Immunosuppressants include, but are not limited to, FK506, prednisone, methylprednisolone, cyclophosphamide, thalidomide, azathioprine, and daclizumab, physalin B, physalin F, physalin G, seco-steroids purified from Physalis angulata L., 15-deoxyspergualin, MMF, rapamycin and its derivatives, CCI-779, FR 900520, FR 900523, NK86-1086, depsidomycin, kanglemycin-C, spergualin, prodigiosin25-c, cammunomicin, demethomycin, tetranactin, tranilast, stevastelins, myriocin, gliotoxin, FR 651814, SDZ214-104, bredinin, WS9482, mycophenolic acid, mimoribine, misoprostol, OKT3, anti-IL-2 receptor antibodies, azasporine, leflunomide, mizoribine, azaspirane, paclitaxel, altretamine, busulfan, chlorambucil, ifosfamide, mechlorethamine, melphalan, thiotepa, cladribine, fluorouracil, floxuridine, gemcitabine, thioguanine, pentostatin, methotrexate, 6-mercaptopurine, cytarabine, carmustine, lomustine, streptozotocin, carboplatin, cisplatin, oxaliplatin, iproplatin, tetraplatin, lobaplatin, JM216, JM335, fludarabine, aminoglutethimide, flutamide, goserelin, leuprolide, megestrol acetate, cyproterone acetate, tamoxifen, anastrozole, bicalutamide, dexamethasone, diethylstilbestrol, bleomycin, dactinomycin, daunorubicin, doxirubicin, idarubicin, mitoxantrone, losoxantrone, mitomycin-c, plicamycin, paclitaxel, docetaxel, topotecan, irinotecan, 9-amino camptothecan, 9-nitro camptothecan, GS-211, etoposide, teniposide, vinblastine, vincristine, vinorelbine, procarbazine, asparaginase, pegaspargase, octreotide, estramustine, and hydroxyurea.
Other immunosuppressive agents include, for example, antibodies against other immune cell surface markers (e.g., CD40) or against cytokines, other fusion proteins, e.g., CTLA-4Ig, or other immunosuppressive drugs (e.g., cyclosporin A, FK506-like compounds, rapamycin compounds, or steroids).
As used herein, the term “rapamycin compound” includes the neutral tricyclic compound rapamycin, rapamycin derivatives, rapamycin analogs, and other macrolide compounds which are thought to have the same mechanism of action as rapamycin (e.g., inhibition of cytokine function).
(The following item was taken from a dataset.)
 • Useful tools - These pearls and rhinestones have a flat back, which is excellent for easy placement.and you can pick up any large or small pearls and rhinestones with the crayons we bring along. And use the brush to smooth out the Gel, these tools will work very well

The language “rapamycin compounds” includes compounds with structural similarity to rapamycin, e.g., compounds with a similar macrocyclic structure, which have been modified to enhance their therapeutic effectiveness. Exemplary Rapamycin compounds, as well as other methods in which Rapamycin has been administered are known in the art (See, e.g. WO 95/22972, WO 95/16691, WO 95/04738, U.S. Pat. Nos. 6,015,809; 5,989,591; 5,567,709; 5,559,112; 5,530,006; 5,484,790; 5,385,908; 5,202,332; 5,162,333; 5,780,462; 5,120,727).
Rapamycin analogs include, for example, everolimus, ridaforolimus, remsirolimus, umirolimus, and zotarolimus.
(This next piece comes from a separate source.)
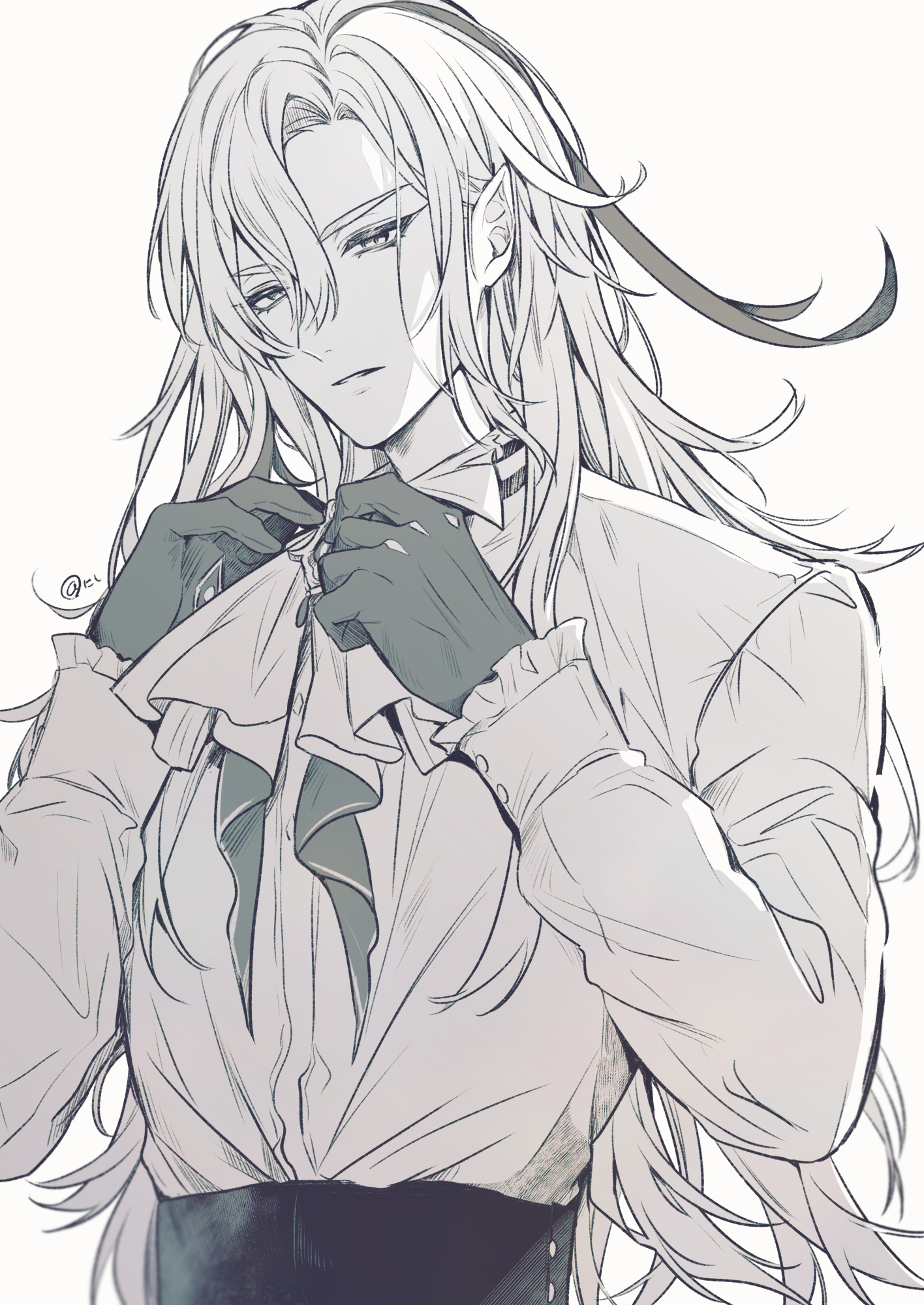 1boy adjusting_clothes adjusting_tie formal_clothes genshin_impact gloves greyscale highres long_hair looking_at_viewer monochrome neuvillette_(genshin_impact) pointy_ears solo tanuki_nishi twitter white_background

The language “FK506-like compounds” includes FK506, and FK506 derivatives and analogs, e.g., compounds with structural similarity to FK506, e.g., compounds with a similar macrocyclic structure which have been modified to enhance their therapeutic effectiveness. Examples of FK506 like compounds include, for example, those described in WO 00/01385. Preferably, the language “rapamycin compound” as used herein does not include FK506-like compounds.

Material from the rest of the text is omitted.